Art Stewart is the elderly man you might have seen on TV
during recent champagne celebrations in the Royals clubhouse. Art is a legend.
He has been a scout for seven decades. It feels like it took him seven hours to
write this book, which is approximately how long it took me to read (and kind
of enjoy) it.
The typos
and bad formatting made me cringe. I’m sure they make Sam Mellinger – a great
sportswriter – cringe too. You can tell this book was done on a shoestring
budget by Ascend Books – which is probably appropriate since Art was often
scouting on a shoestring budget, especially during the dark years when David
Glass first took ownership of the Royals and tried to run the club like Walmart.
Actually, he ran it more like K-Mart. Everything from the fonts to the photos
in The Art of Scouting is tacky.
The forward
by George Brett is pretty bad. Art’s stories are interesting but not very deep.

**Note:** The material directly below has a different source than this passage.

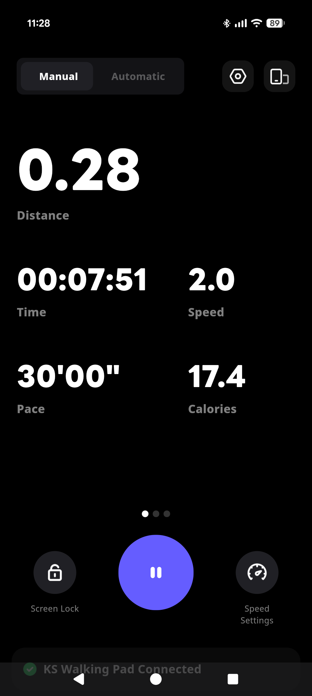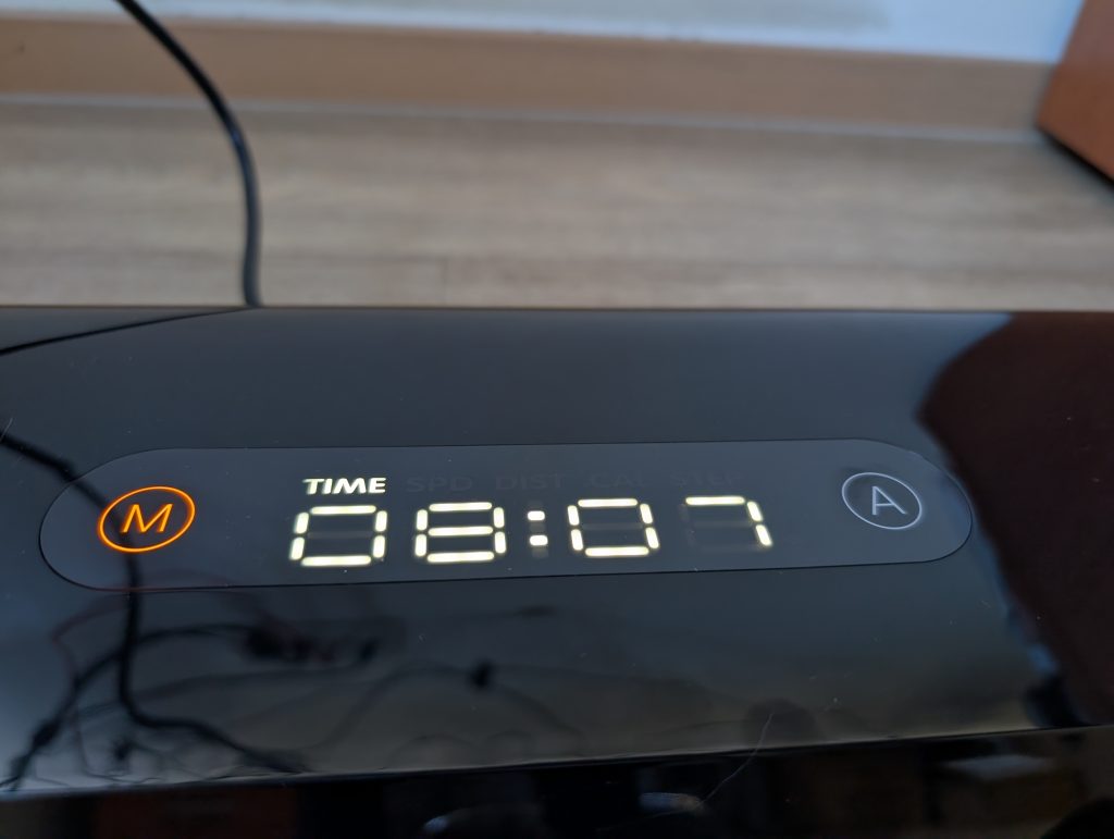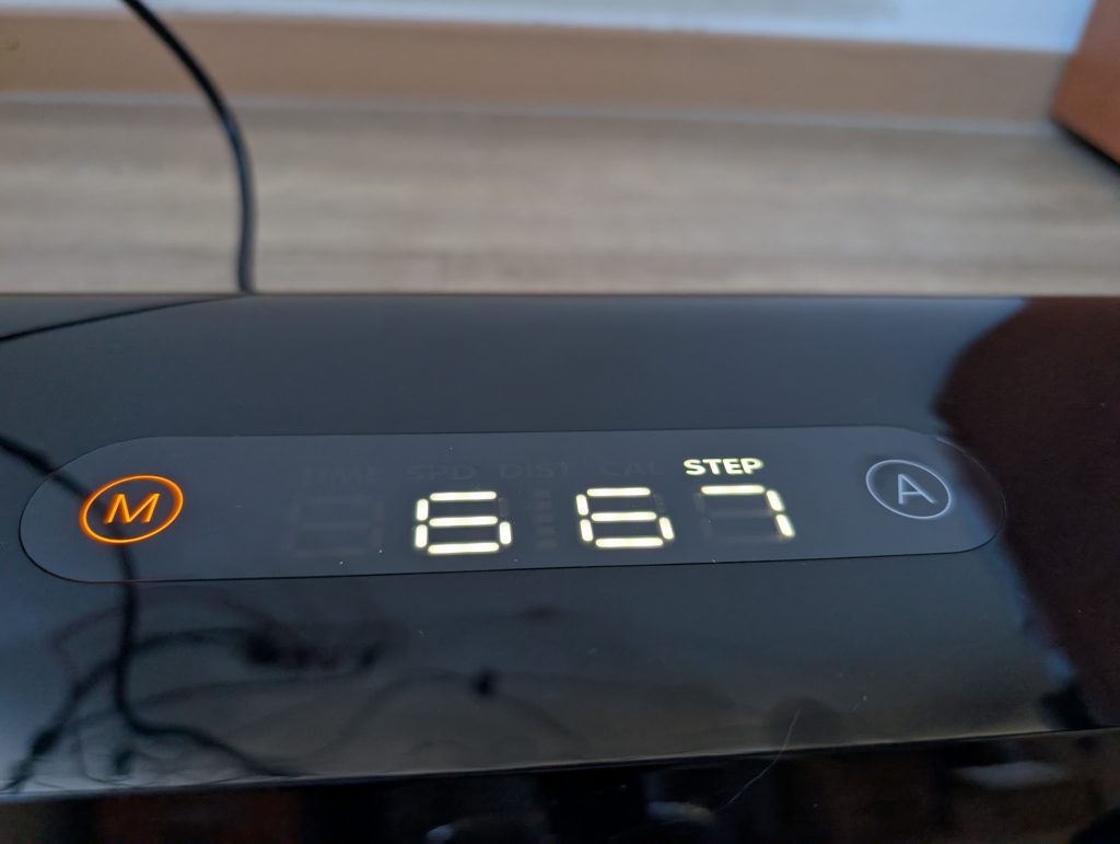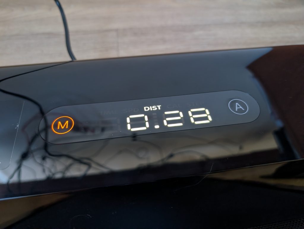 Na zgornjem delu je vgrajen LED zaslon, ki prikazuje osnovne podatke, kot so čas, razdalja, hitrost, porabljene kalorije in število korakov. Zaslon je minimalističen, a dovolj pregleden, da omogoča hiter vpogled v ključne informacije, ne da bi me to pri hoji motilo. Povezava z aplikacijo omogoča dodatno spremljanje vadbe.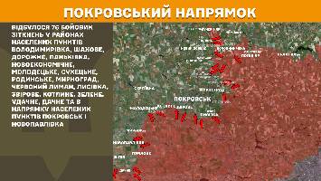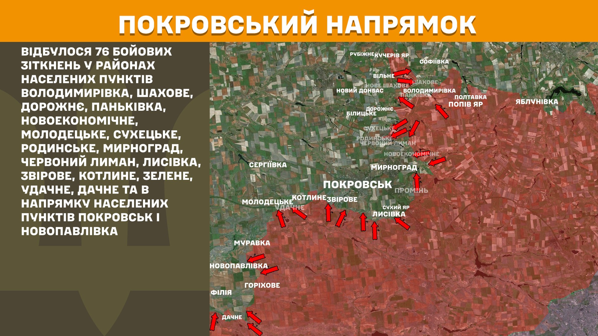 Throughout the day in the pokrovsky direction, the Russian enemy committed 53 offensive actions. The activity of Russian occupiers was fixed near the settlements of Nikanorivka, Mayak, Suhetske, Rodinske, Red Leiman, Novoekonomíčne, Mykolaivka, Ray, Fox, Pokrovsk, Zvirove, Kotline, Udaachne, Molodetske, Novomikolaivka, Kotlyarivka, Gorihove and Dachne. Four fighting clashes are going on so far.

There are the obligatory, well-known stories about Brett and Bo Jackson. I did read
some things I might have forgotten. That Willie Wilson was a catcher in high
school. That Billy Butler studies a lot of film and Mike Moustakas could care
less. And that the Royals really do pay attention to new developments in
baseball. Art tells us that Mike Groopman and John Williams run the analytics
department. Being an expert reporter and detective, I Googled them. Both fit
the mold – Ivy League degrees in math and science.
Art also
recalls his days as a scout with the Yankees, back when players could be signed on the spot. My favorite story is about two
former Yankee pitchers who swapped wives. “They traded wives, children, even dogs…Ben
Affleck and Matt Damon announced they wanted to make a movie about it…We’ll
see.”
I enjoyed
Art’s stories about the generosity of Ewing Kauffman, about the Royals Baseball
Academy , about scouting in the Dominican Republic ,
and about various negotiations with players. The book really does give a lot of
glimpses into the life of a scout.
Art talks about drafting Zack Greinke, which is cool, and how the Royals got both Hunter Dozier and Sean Manaea in 2013. But I
wish he would have gone into even more depth about particular trades and past drafts – specifically why the Royals chose certain players, what
the bonus situations were like, and especially how those drafts worked out (and how David
Glass was a cheap bastard even if he has always been considered a good baseball
guy by insiders.)
I also wish Sam would have had more
time to edit this book and that it was not published by Ascend. It could have
been a classic, like Art Stewart. And it definitely could have been worthy of second
edition, an update – now that the Royals have finally made it back to real
relevance in the wake of the book’s publication. Now, there are a lot of new
stories worth telling. It would be interesting to get the insidery scoop on the strategies used by men like Art and Dayton Moore to assemble the 2014 team.